Mit 1. Juli 2013 wurde die bestehende Altpapiersammlung auf eine Ab-Haus-Altpapiersammlung umgestellt.
Das Fassungsvermögen der Tonnen beträgt 240 Liter. Mit dieser Einführung wurden die derzeit auf öffentlichen Plätzen befindlichen Altpapiercontainer entfernt. Die Entleerung erfolgt alle 8 Wochen.
Die Abholtermine sind im Veranstaltungskalender eingearbeitet und sind auch unter der Rubrik Abfuhrtermine veröffentlichet.
Der Umweltausschuss der Marktgemeinde Taufkirchen an der Trattnach befasste sich ausführlich mit der Einführung der Biotonne im gesamten Gemeindegebiet.
In der Gemeinderatssitzung am 28.03.2017 wurden die entsprechenden Beschlüsse einstimmig für die Einführung der Biotonnenabfuhr im gesamten Gemeindegebiet ab Juli 2017 gefasst.
Für die Umsetzung ist die Abfallordnung der Marktgemeinde entsprechend abzuändern.
Die Sammlung der Biotonnenabfälle erfolgt somit für das gesamte Gemeindegebiet in der Zeit von 01.04. bis 30.09. zweiwöchentlich.
In der Zeit von 01.10. bis 31.03. erfolgt die Sammlung aufgrund der Miterfassung von Baum- und Strauchschnitt oder von Konservierungsmitteln auf Milchsäurebasis vierwöchentlich.

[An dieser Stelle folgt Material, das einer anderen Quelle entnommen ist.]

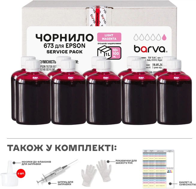 Комплект чорнила Barva для Epson 673 LM Water soluble Service Pack 10x100 мл Light Magenta (E-L800LM-1SP)

Die Gemeindebürger werden im Besonderen darauf hingewiesen, dass beim vierwöchentlichen Entleerungsintervall entweder eine Miterfassung von Baum- und Strauchschnitt oder von Konservierungsmitteln auf Milchsäurebasis zu erfolgen hat, um den Fäulnisprozess in der Biotonne einzudämmen.
Haushalte, die Interesse an der Biotonne haben, können sich beim Gemeindeamt anmelden.
Die Erstausstattung (Biotonne und Vorsammelgefäß) pro Objekt wird wie bisher von der Gemeinde zur Verfügung gestellt.
Sollte die Nachfrage für die Biotonnenabfuhr so steigen, dass eine Deckung durch die bisherigen Gebühren nicht mehr ausreicht, wird über einen Kostenbeitrag für die Biotonnenabfuhr beraten.
Zum gegebenen Zeitpunkt würde hierüber aber selbstverständlich gesondert informiert werden.
Die Biotonne kann auch jederzeit wieder zurückgegeben werden!
Hinweis:
Die Anlieferung von Grün-, Strauch- und Baumschnitt beim Bauhof ist durch die Einführung somit für alle im Gemeindegebiet ab der ersten Abgabe kostenpflichtig.
Die Gemeinde freut sich, jetzt allen Gemeindebürgern die Biotonnenabfuhr anbieten zu können, da uns Mülltrennung ein wichtiges Anliegen ist.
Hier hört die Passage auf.